Não sou a favor da cultura ser transmitida unicamente pela iniciativa privada, mas é só fazer um breve balanço dos últimos 20 anos e ver que as inúmeras linguagens culturais (independente da qualidade) chegaram a pessoas que nem passavam perto dela (realizadores e espectadores).
Apresentar soluções a partir da realidade atual, não só criticar!

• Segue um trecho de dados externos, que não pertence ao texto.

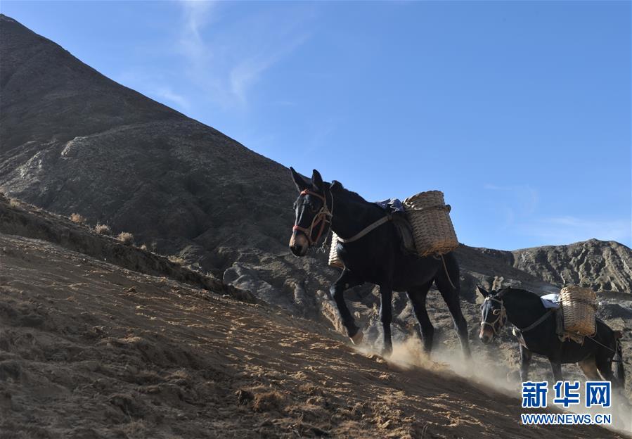 12月6日,騾馬隊馱負(fù)工程物料前往山頂塔基施工現(xiàn)場。新華社記者李楨宇攝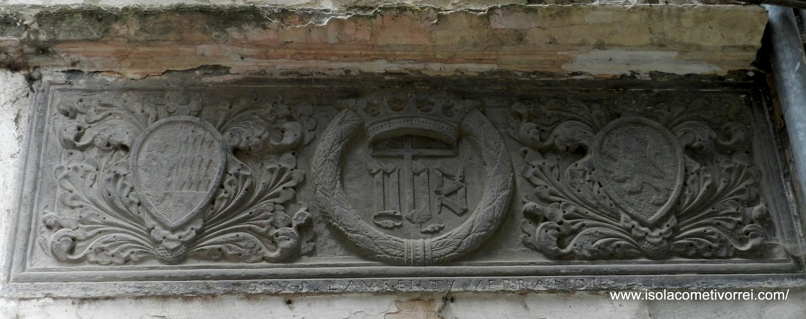 Questo sovraporta si trova a Dolceacqua in via Barberis Colomba, la via è l'antica strada carrozzabile e si trova nella parte abitata chiamata Borgo. In questi ultimi periodi sono attratta da particolari che caratterizzano i nostri borghi, le pietre e l'ardesia. Camminare nei carugi senza essere attratta dai giochi di pietre è quasi impossibile come lo è per il turista che visita questi luoghi. Tornando al capolavoro in ardesia fotografato, vi posso dire che mi sono rivolta ad un esperto per avere notizie, Franck Vigliani il quale mi ha scritto quanto segue:Ciao RobertaQuesto è un pezzo forte di eccezionale fattura. È assolutamente in ardesia, andrebbe restaurato per ritrovare il suo colore più scuro tipico dell'ardesia. È della prima metà 500. A sinistra lo stemma è quello Doria Grimaldi. Quello di destra purtroppo non l'ho identificato. Stemma di alleanza con i Doria?. Per un periodo è stata la casa di un certo Lorenzo Verrando che ha fatto incidere il suo nome in basso. La casa è stata per molti secoli quella dei Noaro.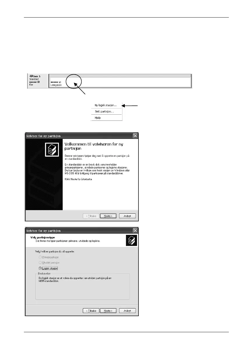 forstørrede partisjonen fungerer nå som en beholder for logiske stasjoner. Høyreklikk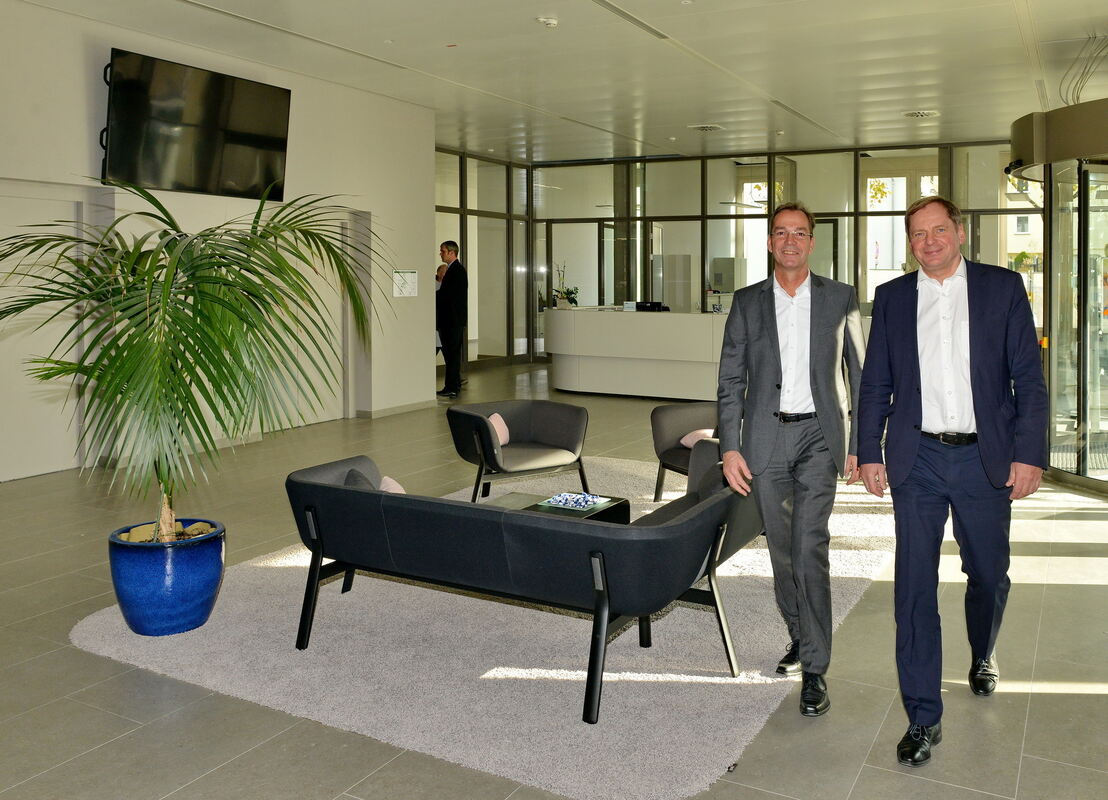 Freuen sich auf die Arbeit im neuen Haus: IHK-Hauptgeschäftsführer Dr. Wolfgang Epp (rechts) und Detlef Werneck, Bereichsleiter Zentrale Dienste, der viel mit der Abwicklung des Neubaus zu tun hatte. FOTO: NIETHAMMER

Carlos, isso é chover no molhado. Todos sabemos os efeitos públicos das políticas privadas. Mas o lugar da cultura na estratégia de longo prazo do país está equivocado. Não saímos daquele lugarzinho periférico do assistencialismo e da celebração do bom selvagem. Precisamo evoluir, colocar nossas potencialidades socioeconômicas, que estão aí, são latentes, pra fora. Precisamos saber o que fazer com isso que está aí e é real. Ou então vamos ficar a vida inteira nos lamentando por não ter dinheiro, não ter um ministro à altura da riqueza cultural brasileira etc etc. Abs, LB
Carlos,vc é um incuravel e adoravel sonhador.
Abs, Samara-BM
capital privado na cultura?
Qual Mauricio?
sei que isso é chover no campo molhado Leonardo mas..
é só uma defesa de reflexo!
o ataque do outro time está chuverando na pequena area neste final de jogo.abs
Espectacular artículo! Muy bueno este espacio de “Cultura e mercado” en donde se pueden encontrar notas tan buenas y frontales como esta. Felicitaciones desde Argentina.